According to FiveThirtyEight’s presidential approval tracker, 42.8 percent of Americans approve of the job Trump is doing as president, while 53.2 percent disapprove (a net approval rating of -10.4 points). At this time last week, 42.1 percent approved and 53.7 percent disapproved (for a net approval rating of -11.6 points). One month ago, Trump had an approval rating of 41.5 percent and a disapproval rating of 53.9 percent, for a net approval rating of -12.4 points.

Generic ballot

In our average of polls of the generic congressional ballot, Democrats currently lead by 6.8 percentage points (46.8 percent to 40.0 percent).

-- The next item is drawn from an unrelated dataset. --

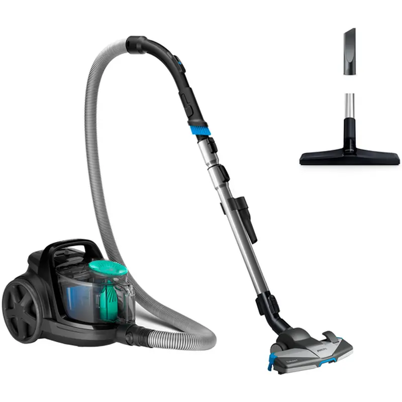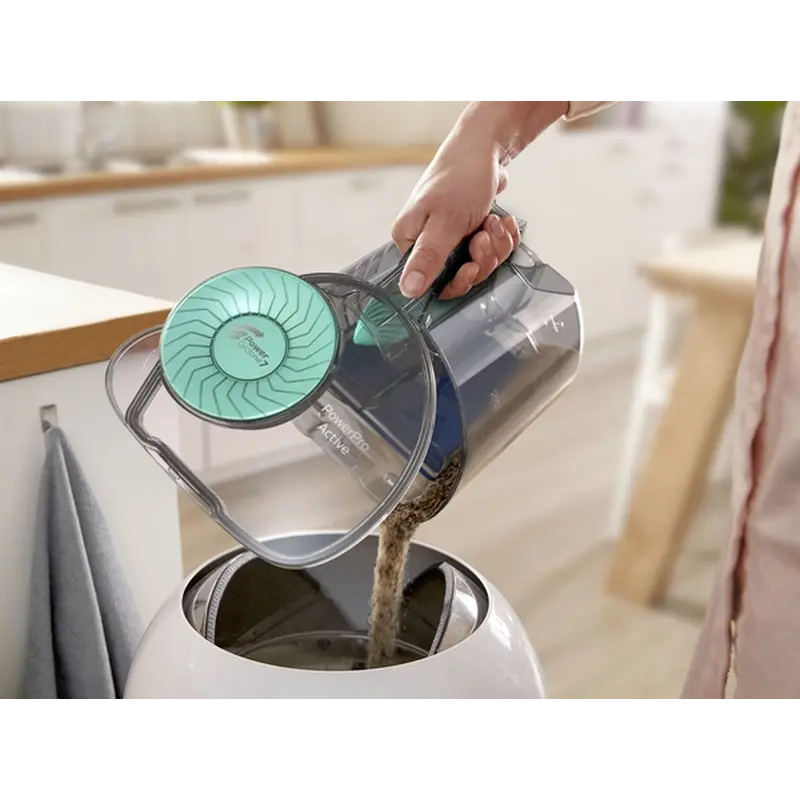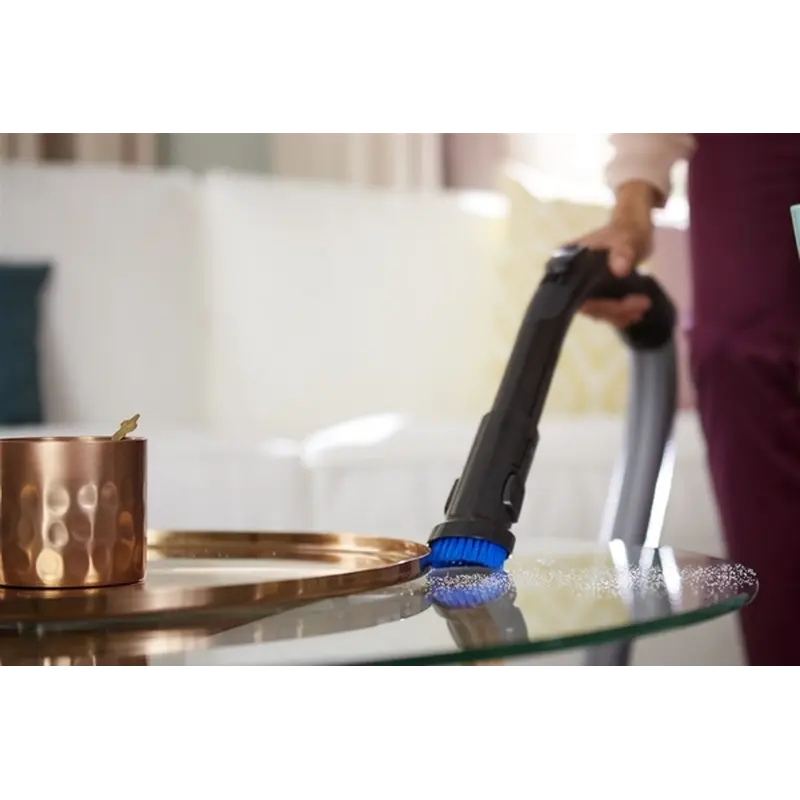 Мотор 900 Вт для високої потужності всмоктування Високопродуктивний мотор 900 Вт забезпечує більше 50 000 об/хв для стабільно потужного та ретельного прибирання. Збирає 99,9 % пилу для ефективного очищення Насадка TriActive+ і стабільно висока потужність всмоктування забезпечать збір 99,9 % дрібного пилу. PowerCyclone 7 допомагає довше підтримувати максимальну потужність всмоктування Технологія PowerCyclone 7 забезпечує аеродинамічний дизайн, знижуючи опір повітря та забезпечуючи максимальну потужність всмоктування. Надшвидкий потік повітря в циліндричній камері й унікальні вихідні пелюстки допоможуть відокремити пил від повітря. Насадки TriActive+ підходять для ефективного очищення будь-яких типів покриття для підлоги. Насадка TriActive виконує три дії одночасно. Через великий передній отвір всмоктуються великі частинки бруду та пилу, тоді як спеціальна підошва очищає від пилу килимові покриття. Повітря проходить через щітки по краях насадки, що допомагає збирати пил та бруд уздовж стін і предметів меблів. Особлива функція дозволяє керувати потужністю всмоктування Особлива функція дозволяє легко керувати потужністю всмоктування для очищення покриття для підлоги або меблів. Компактний дизайн з ручками на передній та верхній частині пристрою для зручного перенесення Компактний і легкий дизайн дозволяють зі зручністю зберігати та переносити пилосос. Конструкція оснащена ручками для зручного перенесення у верхній та передній частині. Конструкція пилозбірника призначена для гігієнічного очищення однією рукою Конструкція пилозбірника призначена для гігієнічної очистки однією рукою - тепер ви зможете забути про клуби пилу при його спустошенні. М’яка щітка, вбудована в ручку, завжди готова до використання Щітка для пилу вбудована в ручку, тому при необхідності очищення меблів та оббивки вона завжди буде під рукою. Система фільтрації Allergy H13 утримує >99,9% дрібного пилу Система фільтрації Allergy H13 затримує >99,9% частинок пилу, включаючи пилок, шерсть тварин і пилових кліщів - ідеально для людей, які страждають на алергію. Рівень фільтрації відповідає стандарту HEPA 13. М’яка вставка та гумові колеса для захисту меблів М’яка вставка та гумові колеса захистять меблі та підлогові покриття від подряпин та допоможуть з комфортом використовувати пилосос у приміщеннях дому.

Those numbers haven’t budged in a week. At this time last month, voters preferred Democrats by 6.5 points (46.3 percent to 39.8 percent).



Footnotes

  1. As of 6 p.m. Thursday. Excluding a Marist poll that was conducted on Wednesday and asked several questions about the “impeachment inquiry,” but none about whether or not Americans support impeachment itself.

Dhrumil Mehta is a database journalist at FiveThirtyEight focusing on politics.